So that was also very useful to be able to describe and delineate important. population differences in that way as well. 

Jessamy: And Rohini, just to go off topic slightly, because we had Angela Saini with us recently, and she was talking, we had a discussion about race and, how these sort of groups are very much social constructs.

And what's interesting about your study is that it doesn't just look at the main one, it looks at kind of 16, right, different, much more, from your perspective, you're obviously a researcher in race and inequality, equity. How much meaning can we take from these different categories, which we've put onto society ourselves?

Do you know what I mean? I'm just interested to hear your perspective. 

Rohini: Yeah, absolutely. So I would say there's nothing inherently true, about these categories. These are just tools we have to help us identify disparities and identify population groups who have different kinds of experiences and outcomes.

And, what it means to be a South Asian British woman now, like I am is probably very different to what it was 20 years ago, 50 years ago. So these categories are very transient and they really need to be interpreted in context. And really they're just a useful lens one tool in our toolkit with which to identify disparities.

Jessamy: And do we know that the people who are inputting the data into the databases are normally accurate in documenting people's race, like the difference between Caribbean and African could be misinterpreted or not understood by, a physician or a healthcare worker that was putting it in.
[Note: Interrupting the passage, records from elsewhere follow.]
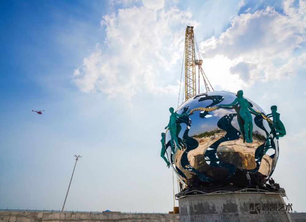 內骨架采用304不銹鋼無縫管制作,圓球表面采用316不銹鋼材質制作,人像采用錫青銅鑄造。
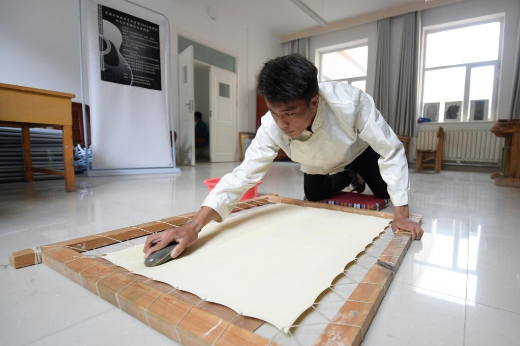 6月17日,在青海民族大學藝術(shù)學院,工藝美術(shù)(唐卡)專業(yè)學生在制作唐卡畫布。新華社記者 張龍 攝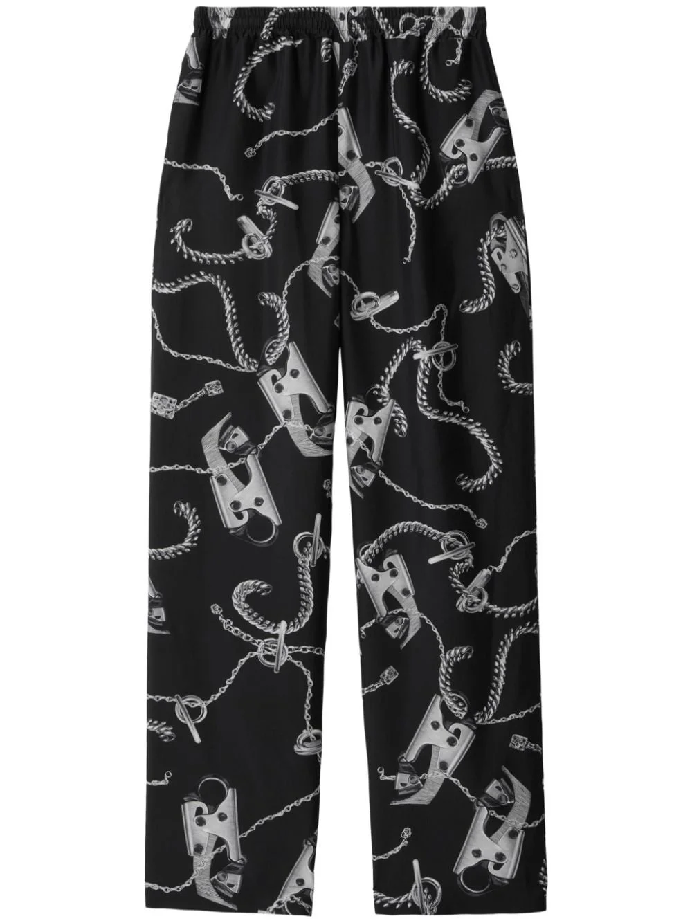 Knight Hardware silk trousers Highlights - Black/grey - Silk - All-over graphic print - Elasticated waistband - Straight leg Imported Composition Lining: Viscose 100% Outer: Silk 100% Washing instructions Dry Clean Only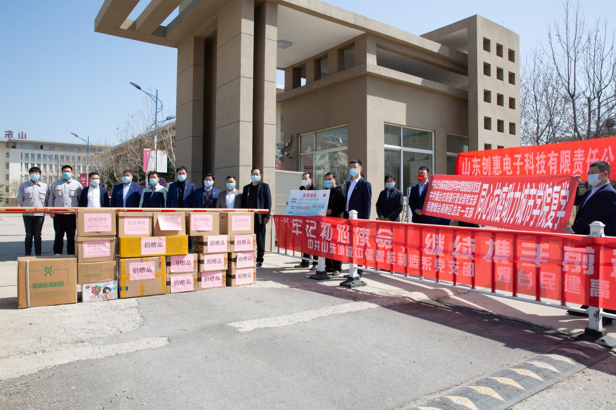 煙臺民建高新區(qū)總支一支部主委、山東創(chuàng)惠電子科技有限公司董事長高廣順代表民建煙臺高新區(qū)總支一支部向省城市學院捐贈防疫物資。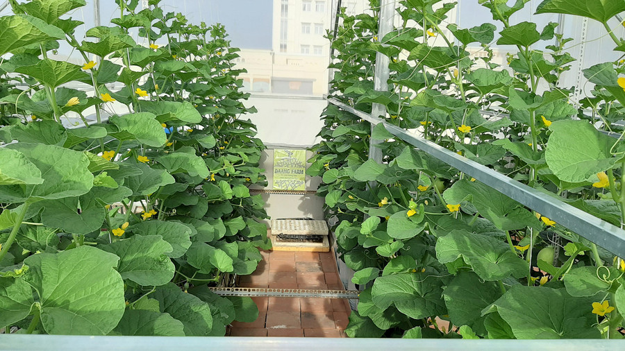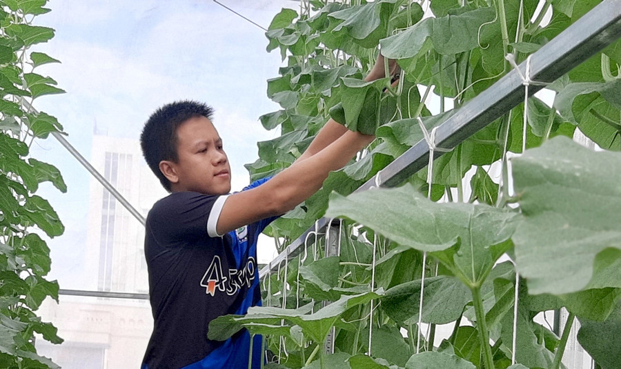 Năm 2019, An làm nhà lưới để khắc phục các nhược điểm trên, song vì vườn ở tầng 2 không thông thoáng nên chất lượng dưa cũng không ngon.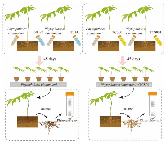The seedlings were cultivated in a greenhouse with regulated environmental parameters, including a temperature of 24 °C, a 16 h light cycle, and 80% relative humidity. They were irrigated using sterile double-distilled water (ddH2O). The watering strategy was to maintain the surface soil of the pots in a moist condition. Rhizosphere soil samples were collected 45 days after inoculation with Phytophthora cinnamomi. Following the meticulous removal of surface soil, the plants were delicately uprooted. Any soil clinging to the roots was subsequently cleared using a sterilized brush. The rhizosphere soil samples were placed into 50 mL polypropylene tubes, rapidly frozen using liquid nitrogen, and then preserved at −80 °C. Each experimental condition included three biological replicates, with five plants pooled for each replicate (Figure 1).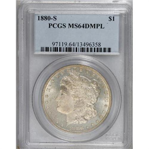 <B>1880-S $1 MS64 Deep Mirror Prooflike PCGS.</B></I> PCGS Population (858/801). NGC Census: (723/553). Numismedia Wsl. Price for NGC/PCGS coin in MS64: $260. (#97119)<BR><BR><b>Shipping:</b> Coins & Currency (<a target="_blank" href="http://www.heritageauctions.com/common/shipping.php">view shipping information</a>)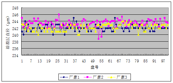 图4 3个厂家光纤涂覆层直径(未着色)参数的比较

What's the sort of, what are the issues around that? 

Rohini: Yeah, so it's a really good question. So quite often when people are asked to report their ethnicity, and you may have gone through this yourself, you may be given a form with the standard categories and you just. tick the one you think applies to you.

And, on one hand people might find that, people might feel that their ethnic identity changes over the life course as they accumulate different experiences. There's nothing to say that your ethnicity is necessarily stable over time. But then there also may be issues with how people interpret those categories.
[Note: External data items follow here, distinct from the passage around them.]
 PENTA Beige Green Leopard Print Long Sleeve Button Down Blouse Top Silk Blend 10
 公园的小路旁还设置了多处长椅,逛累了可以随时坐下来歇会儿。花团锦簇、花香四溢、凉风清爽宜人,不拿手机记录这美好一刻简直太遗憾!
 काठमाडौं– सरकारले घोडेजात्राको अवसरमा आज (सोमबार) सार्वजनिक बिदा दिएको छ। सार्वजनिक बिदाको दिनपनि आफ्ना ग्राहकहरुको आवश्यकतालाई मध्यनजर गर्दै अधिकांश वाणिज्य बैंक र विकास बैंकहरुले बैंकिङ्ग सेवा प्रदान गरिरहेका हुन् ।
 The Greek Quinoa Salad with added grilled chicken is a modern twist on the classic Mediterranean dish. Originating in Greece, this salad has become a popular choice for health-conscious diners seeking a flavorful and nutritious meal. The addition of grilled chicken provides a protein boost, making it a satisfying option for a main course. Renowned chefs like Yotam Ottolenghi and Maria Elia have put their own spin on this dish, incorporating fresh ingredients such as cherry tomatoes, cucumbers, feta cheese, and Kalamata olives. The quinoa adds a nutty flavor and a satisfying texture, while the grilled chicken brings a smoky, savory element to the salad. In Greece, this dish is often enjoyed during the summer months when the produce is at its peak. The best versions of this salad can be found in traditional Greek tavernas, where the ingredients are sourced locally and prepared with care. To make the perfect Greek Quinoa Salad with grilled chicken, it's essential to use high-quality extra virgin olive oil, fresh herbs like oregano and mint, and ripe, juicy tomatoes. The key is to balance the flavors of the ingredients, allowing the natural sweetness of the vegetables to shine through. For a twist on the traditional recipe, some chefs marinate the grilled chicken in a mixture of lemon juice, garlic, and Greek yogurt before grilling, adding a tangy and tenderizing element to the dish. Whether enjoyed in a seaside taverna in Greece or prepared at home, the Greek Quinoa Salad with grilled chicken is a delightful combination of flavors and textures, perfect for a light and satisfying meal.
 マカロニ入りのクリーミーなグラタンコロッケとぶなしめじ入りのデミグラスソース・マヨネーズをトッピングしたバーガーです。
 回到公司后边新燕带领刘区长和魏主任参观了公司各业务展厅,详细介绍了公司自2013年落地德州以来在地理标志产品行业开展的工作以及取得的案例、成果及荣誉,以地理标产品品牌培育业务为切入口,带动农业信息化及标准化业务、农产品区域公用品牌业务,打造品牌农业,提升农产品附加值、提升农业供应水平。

In the electronic health records that we have, I think we have over 120 codes. for ethnicity, and we group them into the census categories ourselves. And, the people who gave us that data may not necessarily agree with where we've put their ethnicity, and we do the best that we can, but there is always some kind of pragmatic consideration that we group people together in a way that maybe does not reflect the complexity of their identity.

So it's a real problem. And different research groups do this in different ways. And one of the nice things about OpenSafely is that all of our methods are open and reusable for other research groups. So they can see what we've done. They can replicate it if they agree with it, they can build on it or change it.

And we can document all of those changes. So there's like a clear history of how these categories have been made and changed over time. 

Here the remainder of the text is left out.